Di sisi lain, Ristadi mengakui bahwa barang impor, terutama dari China, memang murah dan memiliki kualitas yang baik.
“Harga kain katun impor dari China hanya Rp15.000 per meter, sementara jika diproduksi lokal, harganya menjadi Rp30.000 per meter. Sungguh sulit dipahami bagaimana cara mereka (China) menghitung biayanya,” ungkap Ristadi.
“Dan inilah yang menyebabkan pabrik kain yang sebelumnya memasok kain ke perajin Batik di Pekalongan beralih menjadi importir kain dari China. Mereka menjadi semacam perantara di sana. Para perajin Batik sekarang menggunakan kain dari China karena mereka menyadari bahwa itu adalah hukum pasar, mencari barang yang murah dan bagus. Ini menjadi momok yang menakutkan, ini adalah lingkaran setan yang telah kita peringatkan selama puluhan tahun,” tambahnya.
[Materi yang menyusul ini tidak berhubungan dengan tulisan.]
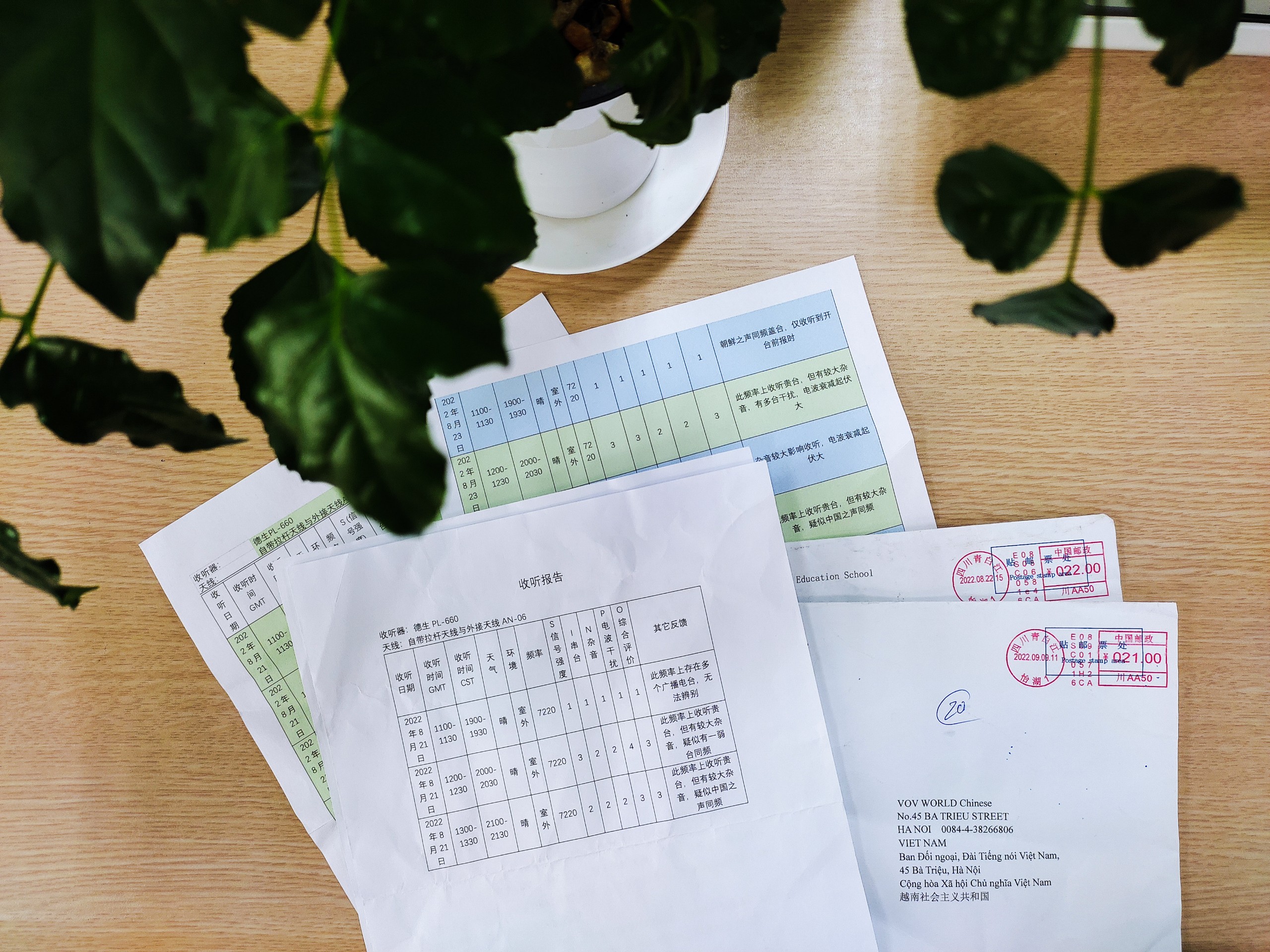 在节目的最后,希望和大家分享的是四川成都听众张瀚文的一封邮寄信件。张瀚文在信中介绍说,自己去年买了一台收音机,在偶然调整频率的时候收听到了本台广播。收到了从遥远的越南河內跨越千山万水的电波,而且在无线电广播日渐式微的情况下,仍然有坚持播音的中文广播,他倍感激动。

Setelah melakukan penyelidikan, Ristadi menjelaskan bahwa ada banyak faktor yang membuat barang dari China bisa diproduksi dengan harga lebih murah.
“Tidak hanya dari segi upah, biaya produksi di China lebih efisien. Mulai dari pelayanan, insentif, harga energi, hingga infrastruktur yang berdampak pada biaya produksi. Perizinan di sini memang sudah mengarah ke efisiensi,” jelasnya.
“Selain itu, berbicara tentang upah, ada kesalahpahaman di sini mengenai upah minimum, dianggap sebagai upah maksimum. Perusahaan menganggap penting untuk mengikuti aturan. Akibatnya, upah bagi pekerja baru dan pekerja yang telah bekerja puluhan tahun menjadi sama,” kata Ristadi.
Meskipun tidak dapat menghubungkan kedua hal tersebut secara langsung, Ristadi menduga bahwa hal tersebut mungkin berdampak pada produktivitas pekerja.
“Produktivitas pekerja di China memang lebih tinggi. Misalnya, di pabrik sepatu, pekerja China bisa melakukan 1,5 hingga 2 kali lebih banyak daripada pekerja Indonesia dalam waktu yang sama. Padahal, upah pekerja China tetap sama, apakah mereka melakukan lebih banyak atau tidak,” ungkapnya.